Een expertisecentrum biedt multidisciplinaire behandeling, begeleiding en periodieke controle, maar is ook verantwoordelijk voor het geven van behandeladviezen en voor de verspreiding van ziektespecifieke kennis naar collegae elders in het land. Of de zorg door een expertisecentrum of andere instelling wordt gegeven, hangt van meerdere factoren af, zoals de complexiteit van de zorg, de overdraagbaarheid van de zorgspecifieke kennis en de afstand die de patiënt moet afleggen tot het expertisecentrum. Hierbij wordt uitgegaan van het principe ‘zorg dichtbij als het kan, veraf als het moet’.
Anno 2012 is in Nederland een DM1-expertisecentrum in oprichting, gelieerd aan de neuromusculaire teams van de UMC’s te Nijmegen en Maastricht (zie addendum 1 voor adressen). Het is aan te bevelen om de diagnostiek, medische controle, behandeling en coördinatie van de zorg te laten plaatsvinden in het DM1-expertisecentrum voor patiënten die wonen in de zorgregio van deze centra. Hulpverleners die patiënten buiten deze regio behandelen, wordt geadviseerd bij twijfel over de behandeling of bij complexe problematiek het expertisecentrum te consulteren.
Coördinatie van zorg
Gezien de complexe medische en psychische problematiek die optreedt bij DM1 patiënten, acht de werkgroep een goede coördinatie van de DM1-zorg essentieel. De behandeling en begeleiding van patiënten met DM1 omhelst naast bewaking van de medische aspecten, een gestructureerd aanbod van begeleiding van de patiënt en zijn/haar familieleden met aandacht voor de maatschappelijke gevolgen van de ziekte. De werkgroep is van mening dat één persoon (de coördinator) de zorg rondom de DM1 patiënt dient te coördineren en actief te bewaken (hoofdstuk 1.6).
Deze coördinator zal adequate kennis van de verschillende aspecten van DM1 moeten hebben en neemt de verantwoordelijkheid om zich actiegericht te verbinden aan het realiseren van deze coördinatie.
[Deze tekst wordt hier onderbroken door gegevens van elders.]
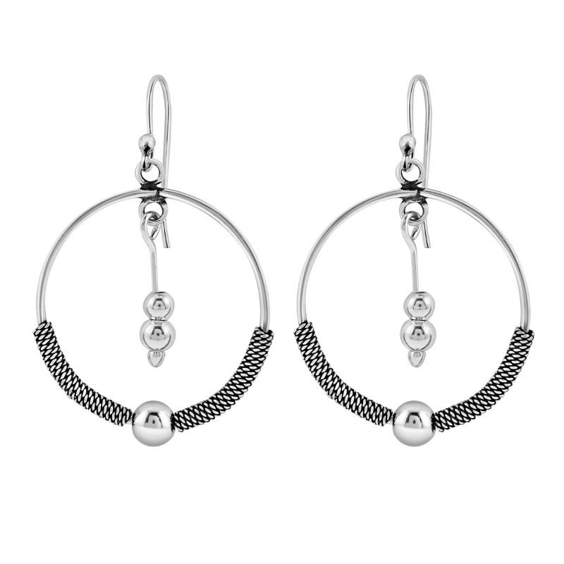 AeraVida Balinese Inspired Tribal Chic Round .925 Sterling Silver Spheres Dangle Earrings

De coördinator moet een arts zijn, bij voorkeur een revalidatiearts of neuroloog. Deze kan zich laten bijstaan door bijvoorbeeld een verpleegkundig specialist (nurse practitioner) of physician assistent.
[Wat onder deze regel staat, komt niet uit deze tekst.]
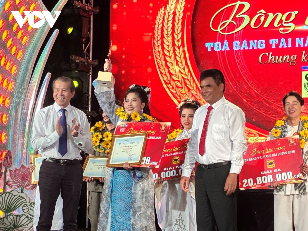 Chiều 27/12, vòng chung kết xếp hạng cuộc thi “Bông Lúa Vàng 2025 - Tỏa sáng tài năng cải lương” đã chính thức khép lại, vinh danh những gương mặt trẻ xuất sắc của sân khấu cải lương Nam Bộ. Ngôi vị Quán quân năm nay được trao cho thí sinh Nguyễn Thị Hồng Toán, đến từ An Giang.
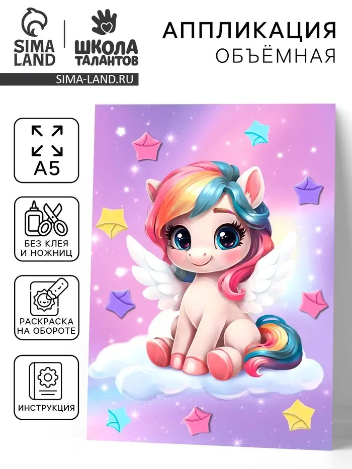 Объемная аппликация со звездочками оригами "Сказочный единорог"
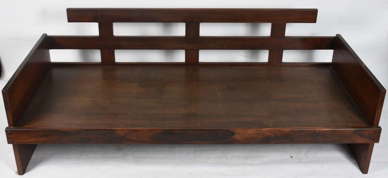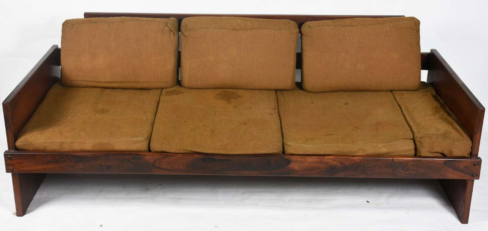 Poltrona em jacarandá com estofamento curvim preto, anos 60 (com desgastes).

Belangrijk is dat de coördinator specifieke expertise heeft op het gebied van DM1 en affiniteit heeft met de ziekte. Dit is vaak een revalidatiearts of neuroloog die zich heeft gespecialiseerd in neuromusculaire aandoeningen (zie voor adressen www.spierziekten.nl). Zeker buiten bereik van de expertisecentra zal de coördinator vaak een gespecialiseerd revalidatiearts zijn, die bij voorkeur lid is van de werkgroep neuromusculaire aandoeningen van de vereniging Revalidatie Artsen (VRA). Deze weet ook welke gespecialiseerde teamleden in de regio beschikbaar zijn voor deze doelgroep. De coördinator is verantwoordelijk voor een goed op elkaar afgestemd zorgaanbod. Hiervoor is multidisciplinaire afstemming en samenwerking met de diverse bij DM1 betrokken orgaanspecialisten noodzakelijk. Bij voorkeur beschikken deze orgaanspecialisten ook over specifieke expertise op het gebied van DM1 en een attitude die past bij het door de ziekte bepaalde karakter van de patiënt.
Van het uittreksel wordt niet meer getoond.